There were police officers spread all around the perimeter of the house trying to process the remaining evidence on a Lake George crime scene. News teams had already begun to flood the scene along with several police cars and an ambulance was standing by. 

Worried neighbors stood by the road watching police investigate the scene – and then a reporter was taken away in handcuffs. 

On Nov. 2, professor David Blow brought that reporter, David Taube, 24, of Glens Falls, to Castleton as a guest speaker for his News Media Ethics class.  While finishing up the chapter “Working with Sources,” Taube was came to illustrate the importance of police-reporter relations.

Taube, a reporter for the Post-Star, was arrested on July 9 while reporting on a murder-suicide scene in Lake George. 

An officer with the Warren County Sheriff’s Department arrested him after he reportedly had refused orders to leave the area.  

“It wasn’t like I was interfering with the crime scene,” Taube said to students, while explaining there was no police tape blocking him from the scene at the time of his arrest.  “It was four hours after the crime had been reported.”

Though he was not actually placed in a cell, Taube was fingerprinted and had a mug shot taken.

Taube was charged with obstruction of governmental administration, a misdemeanor, but was released in time to cover the department’s press conference on the murder. 

“He has an ego problem,” said Warren County Sheriff Bud York in a phone interview with Blow, who provided transcripts to Taube and students of the conversation.  “We’ve never had problems with news media ever.”

According to York, Taube has a reputation with local police in the area for pushing it to the limit at crime scenes.   

“I’ve had to be more careful on scenes,” Taube said to the class adding that the incident otherwise has not crippled his career as a journalist in any way. 
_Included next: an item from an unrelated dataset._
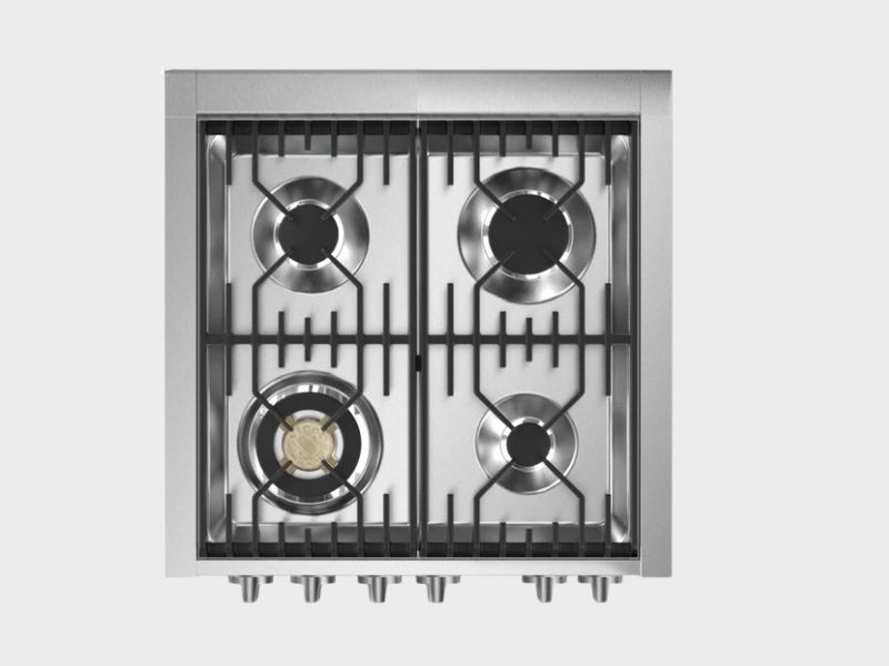 De vier messing gasbranders geven je volledige controle over elke kooksituatie. Van zacht sudderen tot krachtig wokken — elke brander heeft zijn specifieke rol:

Students in the ethics class seemed to sympathize with Taube, with many saying he had done nothing wrong.

“I would’ve done the same thing,” Castleton junior Hannah Messer said acknowledging that as a journalist Taube’s job was to report the crime to inform the public. 

But fellow student Annie Hartman was a little more skeptical.

“As a reporter it’s important to choose your battles and respect authority,” arguing that Taube may have crossed the line.

Overall the class took away an important message, that there is a fine line between pushing the envelope and overstepping the boundaries while out in the field. They learned that having cooperation from law enforcements can be vital to a journalist when reporting crime stories. 

“I like reporters who walk a tight rope,” Blow commented during class, adding that in his 21 years of working with the Post Star, he has never seen a reporter arrested. 

Blow encouraged his students to have drive when going out in the field and looking for stories.   

“I look for guys who have a little bit of fire in their bellies when they are on the job,” he said.

For Taube, the ordeal won’t be over for w hile. Charges were dismissed in the case, but only if he avoids further trouble.  With six months of good behavior and no more run-ins with local authorities, Taube said the charges will be “expunged” and leave him with no record.